I do like the last two, though, the ones you created, and they would generate more interest.
The boring cited questions are too tied to minutiae in the texts, things no one cares about. My students twitch and moan with those kinds of questions, and I can't imagine going through them voluntarily.
What's much more interesting to them is to chart their own reactions or make comparisons with stories they already know, including current celebrity news.
The cited questions are too limited and don't allow for imagination. Most readers like to expand their horizons, to connect what they read with what they already know. When I've visited book clubs, they use the reading (which not everyone does, anyway) as a springboard for discussion about ideas or themes in the reading--such as how to behave towards one's sister, or how to handle crisis situations.
What grabs readers is the feeling that the reading is useful--as advice, as cautionary tale, as springboard for discussion. Minutiae are not useful.
One kind of question that sometimes gets good responses is to ask readers to consider alternatives. What if a character didn't run away, or sleep with a sibling, or . . .? Readers do like speculating about alternatives, just as they would in real life.
Sorry for this overlong post, but it's exactly what I'm thinking about now, so I spewed it here. And now back to my regularly-scheduled syllabus--
Emily Toth
If I can think of anything helpful, I'll chip in.
Of course, I'll have to stop laughing first. Something about 'severed hoof of a goat' just set me off!
LOL, poor Candice. That does sound like torture.
You know, I never liked those questions at the back of the books. Feels too much like a test and I suffer test anxiety. I can't imagine having to come up with the questions.
Good luck. :)
I too have found the discussion questions at the backs of books worthless.
I do like your two suggested questions at the end of your post—they'd be certain to generate discussion in book groups.
Here are some ideas I had for questions (based on the previous books since I obviously haven't read this one yet):
•In what ways does Sebastian thumb his nose at conventional society and in what ways does he go along with the crowd? What repercussions do his choices have on him and on his family? How do these repercussions compare with those for nonconformity in modern society?
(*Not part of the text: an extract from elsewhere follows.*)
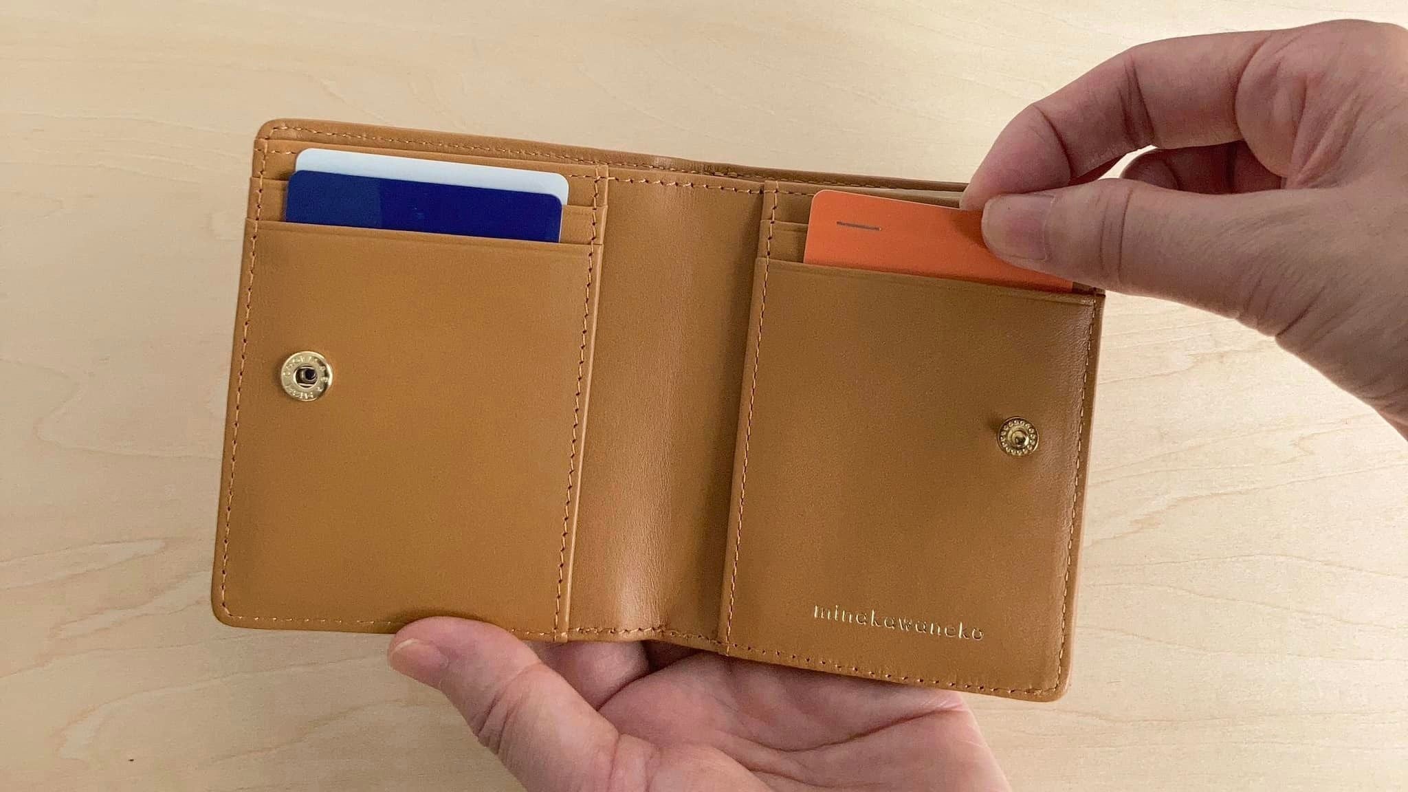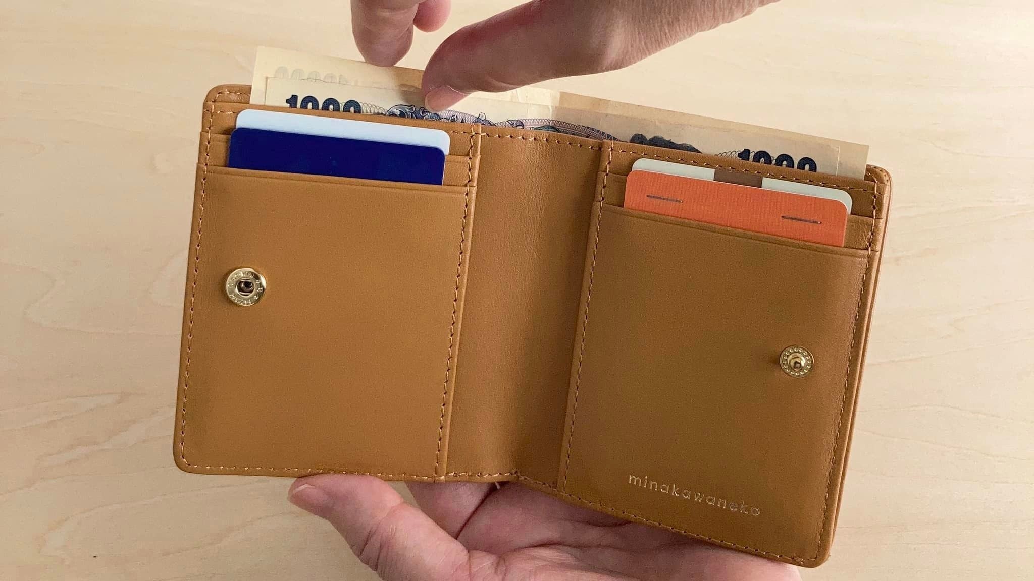 ②コンパクトに持て、使いやすい仕様の二つ折り財布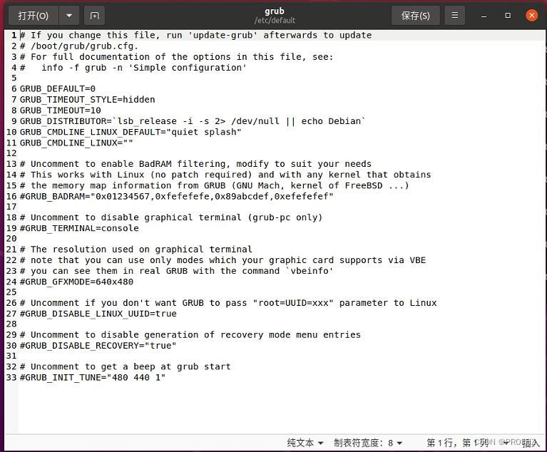 1. 打开终端(快捷键 Ctrl+Alt+T),输入以下命令。使用 gedit 编辑器打开系统中的 /etc/default/grub 这个文件进行编辑。

•Do you think Sebastian would fill the role his father and society expect of him if Kat were not in his life?
•Hero also thwarts convention. How do her reasons and the consequences differ from Sebastian's?
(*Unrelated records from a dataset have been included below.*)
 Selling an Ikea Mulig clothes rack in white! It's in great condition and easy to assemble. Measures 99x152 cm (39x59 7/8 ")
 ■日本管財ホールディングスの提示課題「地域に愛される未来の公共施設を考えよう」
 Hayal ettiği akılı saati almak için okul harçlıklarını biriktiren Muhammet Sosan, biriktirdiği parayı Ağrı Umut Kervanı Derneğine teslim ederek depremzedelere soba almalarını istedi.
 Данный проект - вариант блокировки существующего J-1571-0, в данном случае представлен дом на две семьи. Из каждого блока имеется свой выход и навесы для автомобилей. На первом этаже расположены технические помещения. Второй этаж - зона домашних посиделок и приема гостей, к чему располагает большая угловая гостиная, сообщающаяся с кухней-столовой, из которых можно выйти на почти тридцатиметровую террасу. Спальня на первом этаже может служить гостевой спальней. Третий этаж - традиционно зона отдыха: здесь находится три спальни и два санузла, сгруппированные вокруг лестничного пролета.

•Does it harm a country to have a lame-brained head of state and corrupt officials running it? [note: I'm referring to Rregency England here.]
•Sebastian is Tom's savior, but he also frequently puts the child in harm's way. Are his actions justified?
Hope some of these are useful.
Aargh! The questions you quoted illustrate why, after four years as an English major, I knew that grad school in English was not for me. I found that kind of literary analysis excruciatingly boring.
Your suggested questions for your book are more interesting and appealing because they encourage the reader to become a character in the book, by imagining herself/himself in the situations. Shauna's sample questions in her comment also are excellent.
I don't think I ever even noticed these things at the end of books, although I remember something like them from English class. I would certainly not read such stuff by choice.
Shauna's questions are great. I suggest you quietly purloin them, with revisions as needed.
Her questions lead to discussion, thought, and humor. What could be better?
Emily Toth
In my experience of book clubs you particiapte to be forced to read books you normally wouldn't choice or to dicuss the big issues raised in them. We rarely stay with the book itself long and digress to topics around or touched upon in the book. Interestingly it doesn't matter if the book was literary or the lighter summer read - we never stick to the book for very long and never ever refer to the question in the back.
Good luck :-)
Shauna, I intend to steal you ideas shamelessly. Thank you. Thank you Emily, for your insight gained from many years of standing in front of English classes. And thanks to Lisa, Kate, Sphinx Ink, Charles, and Liz for your input. It all helps to give me a better idea of what not to do. And I'm glad to hear I made you laugh, Steve!